▶ _Work order_
For the listing below, print exactly the lines from the line with "滋賀咲くブログでお知り合いに" to the line with "コメントが流れる自作透過スク", both included, and nothing beyond them.

▶ _Dataset entries_
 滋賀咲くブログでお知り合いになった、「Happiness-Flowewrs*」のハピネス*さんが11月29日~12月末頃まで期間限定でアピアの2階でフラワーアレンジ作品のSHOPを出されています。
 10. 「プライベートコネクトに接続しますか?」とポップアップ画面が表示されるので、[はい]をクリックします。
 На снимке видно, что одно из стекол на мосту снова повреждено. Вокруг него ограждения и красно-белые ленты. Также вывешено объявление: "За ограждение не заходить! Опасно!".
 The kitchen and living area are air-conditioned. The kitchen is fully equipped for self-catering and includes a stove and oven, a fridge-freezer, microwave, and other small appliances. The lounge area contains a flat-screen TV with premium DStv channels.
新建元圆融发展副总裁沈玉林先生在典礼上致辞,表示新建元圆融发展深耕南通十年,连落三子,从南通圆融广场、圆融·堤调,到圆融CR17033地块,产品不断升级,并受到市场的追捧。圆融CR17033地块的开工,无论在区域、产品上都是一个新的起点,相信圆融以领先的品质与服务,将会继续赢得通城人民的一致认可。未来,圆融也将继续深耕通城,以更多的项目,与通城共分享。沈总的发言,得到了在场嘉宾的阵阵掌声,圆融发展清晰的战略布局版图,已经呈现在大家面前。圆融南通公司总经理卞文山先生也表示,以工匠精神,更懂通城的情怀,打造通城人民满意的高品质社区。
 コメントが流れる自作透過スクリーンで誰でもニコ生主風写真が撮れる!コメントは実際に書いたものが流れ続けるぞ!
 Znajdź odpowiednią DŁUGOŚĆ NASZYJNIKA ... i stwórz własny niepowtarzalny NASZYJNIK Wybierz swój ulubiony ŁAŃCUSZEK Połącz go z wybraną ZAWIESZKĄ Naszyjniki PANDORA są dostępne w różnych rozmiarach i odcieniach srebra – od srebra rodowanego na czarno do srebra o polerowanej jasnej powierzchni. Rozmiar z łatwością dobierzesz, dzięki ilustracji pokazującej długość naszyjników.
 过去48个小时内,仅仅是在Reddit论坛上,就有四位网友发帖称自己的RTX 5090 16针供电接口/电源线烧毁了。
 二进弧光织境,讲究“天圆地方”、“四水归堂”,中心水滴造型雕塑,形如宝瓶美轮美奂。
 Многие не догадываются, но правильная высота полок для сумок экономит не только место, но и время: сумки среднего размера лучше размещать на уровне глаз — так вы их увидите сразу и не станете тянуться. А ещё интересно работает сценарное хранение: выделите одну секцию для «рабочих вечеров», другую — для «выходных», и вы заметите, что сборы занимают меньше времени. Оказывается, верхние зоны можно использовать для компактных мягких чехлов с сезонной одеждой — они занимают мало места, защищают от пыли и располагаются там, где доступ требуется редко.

---

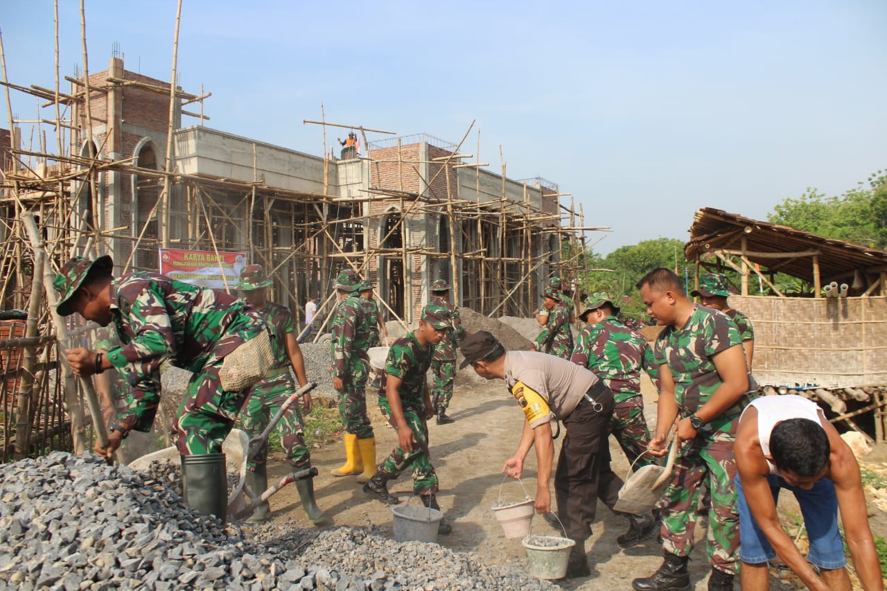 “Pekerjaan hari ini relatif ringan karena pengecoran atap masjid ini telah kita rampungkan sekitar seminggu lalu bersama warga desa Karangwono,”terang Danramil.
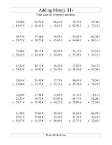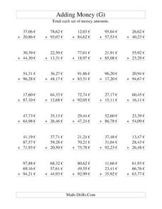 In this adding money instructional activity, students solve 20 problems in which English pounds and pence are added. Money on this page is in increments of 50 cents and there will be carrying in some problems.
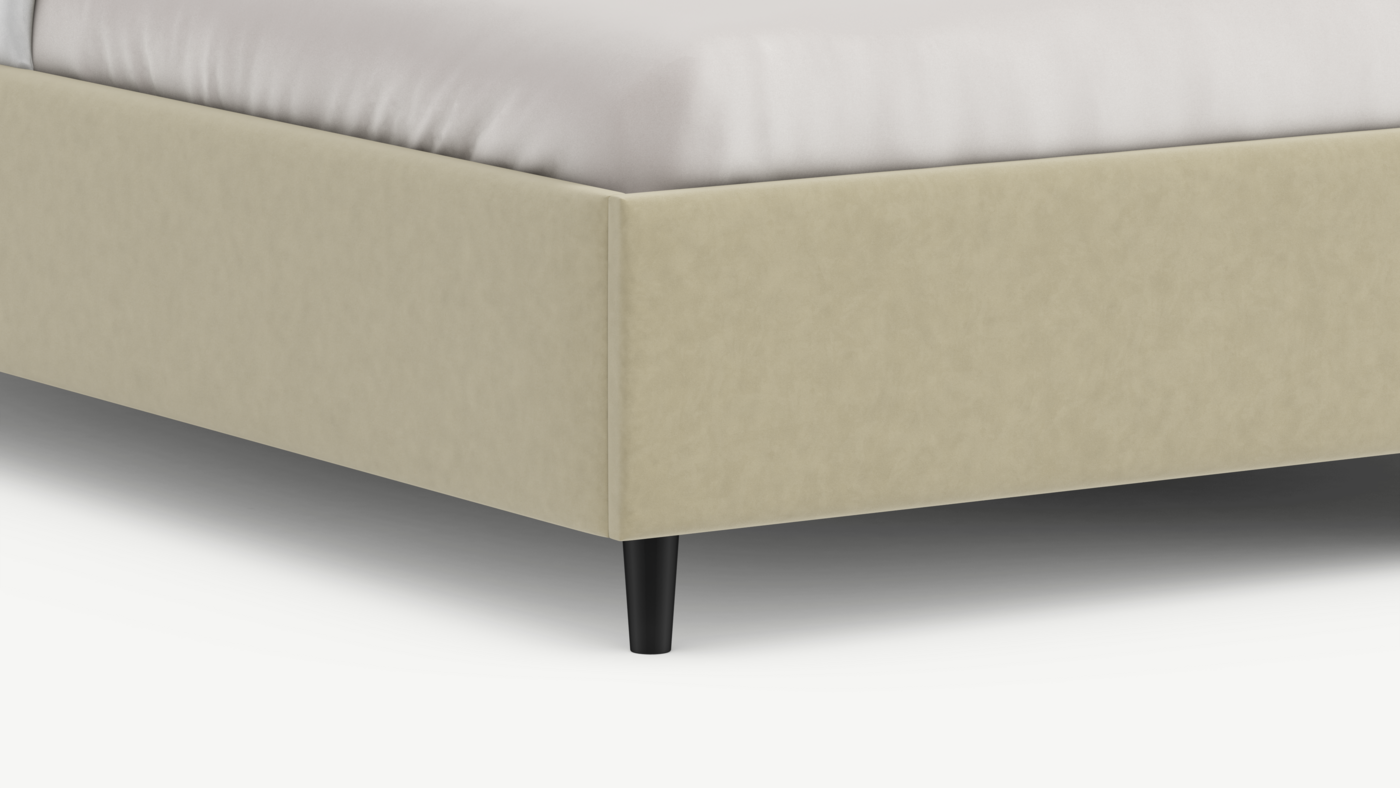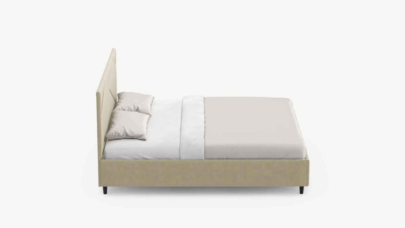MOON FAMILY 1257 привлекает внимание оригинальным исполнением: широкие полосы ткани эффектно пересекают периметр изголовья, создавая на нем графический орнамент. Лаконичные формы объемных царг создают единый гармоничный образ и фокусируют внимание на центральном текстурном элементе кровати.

--

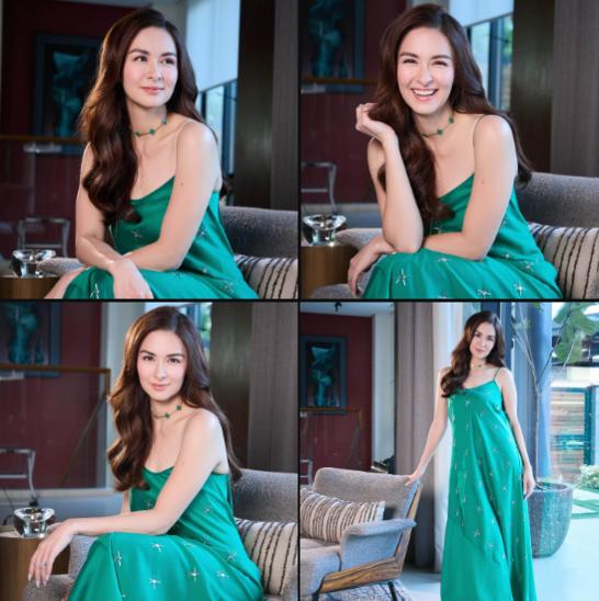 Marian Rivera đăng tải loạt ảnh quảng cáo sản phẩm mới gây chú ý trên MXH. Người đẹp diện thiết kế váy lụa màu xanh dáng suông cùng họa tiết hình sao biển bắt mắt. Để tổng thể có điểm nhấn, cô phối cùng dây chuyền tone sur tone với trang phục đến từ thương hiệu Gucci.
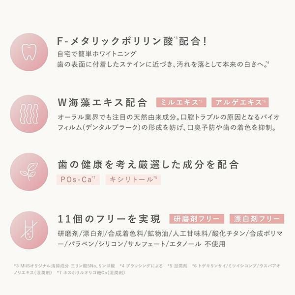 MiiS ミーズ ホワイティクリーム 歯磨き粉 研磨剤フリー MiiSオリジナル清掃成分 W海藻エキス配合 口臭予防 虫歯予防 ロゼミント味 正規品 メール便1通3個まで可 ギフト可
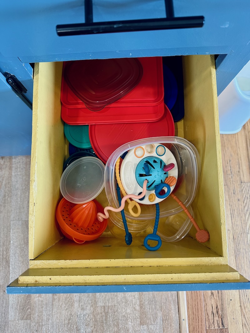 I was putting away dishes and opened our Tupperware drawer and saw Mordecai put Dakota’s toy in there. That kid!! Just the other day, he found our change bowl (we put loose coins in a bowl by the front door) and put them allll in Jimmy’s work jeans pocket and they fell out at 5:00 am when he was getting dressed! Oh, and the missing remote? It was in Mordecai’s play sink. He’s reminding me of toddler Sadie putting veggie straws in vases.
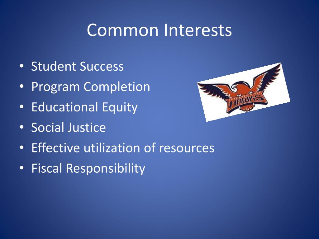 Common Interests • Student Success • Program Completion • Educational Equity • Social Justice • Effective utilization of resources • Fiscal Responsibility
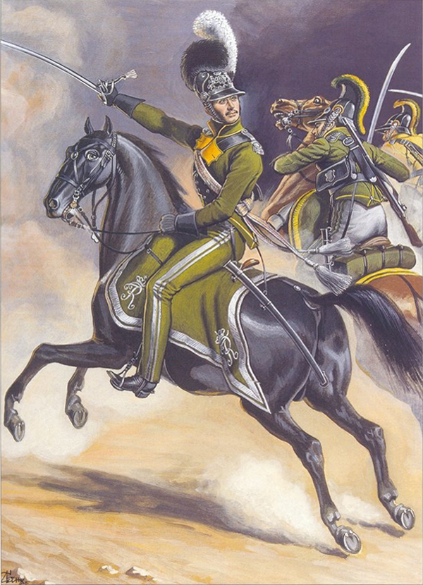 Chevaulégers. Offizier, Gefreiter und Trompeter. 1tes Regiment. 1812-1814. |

▶ _Written solution_
 滋賀咲くブログでお知り合いになった、「Happiness-Flowewrs*」のハピネス*さんが11月29日~12月末頃まで期間限定でアピアの2階でフラワーアレンジ作品のSHOPを出されています。
 10. 「プライベートコネクトに接続しますか?」とポップアップ画面が表示されるので、[はい]をクリックします。
 На снимке видно, что одно из стекол на мосту снова повреждено. Вокруг него ограждения и красно-белые ленты. Также вывешено объявление: "За ограждение не заходить! Опасно!".
 The kitchen and living area are air-conditioned. The kitchen is fully equipped for self-catering and includes a stove and oven, a fridge-freezer, microwave, and other small appliances. The lounge area contains a flat-screen TV with premium DStv channels.
新建元圆融发展副总裁沈玉林先生在典礼上致辞,表示新建元圆融发展深耕南通十年,连落三子,从南通圆融广场、圆融·堤调,到圆融CR17033地块,产品不断升级,并受到市场的追捧。圆融CR17033地块的开工,无论在区域、产品上都是一个新的起点,相信圆融以领先的品质与服务,将会继续赢得通城人民的一致认可。未来,圆融也将继续深耕通城,以更多的项目,与通城共分享。沈总的发言,得到了在场嘉宾的阵阵掌声,圆融发展清晰的战略布局版图,已经呈现在大家面前。圆融南通公司总经理卞文山先生也表示,以工匠精神,更懂通城的情怀,打造通城人民满意的高品质社区。
 コメントが流れる自作透過スクリーンで誰でもニコ生主風写真が撮れる!コメントは実際に書いたものが流れ続けるぞ!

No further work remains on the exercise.